BAGHDAD (Reuters) - Islamic State claimed responsibility for an attack in a crowded Baghdad market on Thursday, killing at least 32 people in Iraq’s first big suicide bombing for three years, authorities said, describing it as a possible sign of the reactivation of Islamic State.
Islamic State claimed early on Friday that two of its men blew themselves up in Tayaran Square in the centre of Baghdad, according to a statement posted on the group’s Telegram communications channel.
Reuters journalists arriving after the blasts saw pools of blood and discarded shoes at the site, a clothing market in Tayaran Square in the centre of the city. Health authorities said at least 110 people had been wounded.

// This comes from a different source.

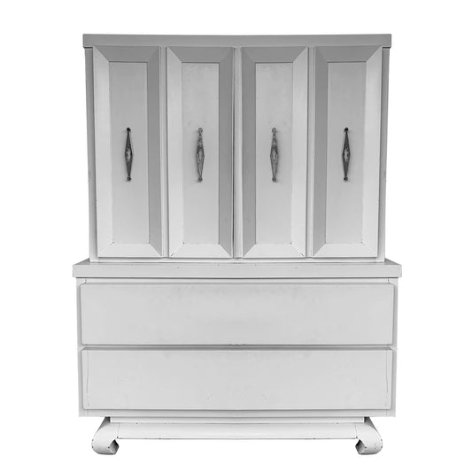 Vintage American of Martinsville White Highboy Dresser Asian Style Ming Base

“One (bomber) came, fell to the ground and started complaining ‘my stomach is hurting’ and he pressed the detonator in his hand. It exploded immediately. People were torn to pieces,” said a street vendor who did not give his name.
Suicide attacks, once an almost daily occurrence in the Iraqi capital, have halted in recent years since Islamic State fighters were defeated in 2017, part of an overall improvement in security that has brought normal life back to Baghdad.
“Daesh terrorist groups might be standing behind the attacks,” Civil Defence chief Major General Kadhim Salman told reporters, using an Arabic acronym for Islamic State.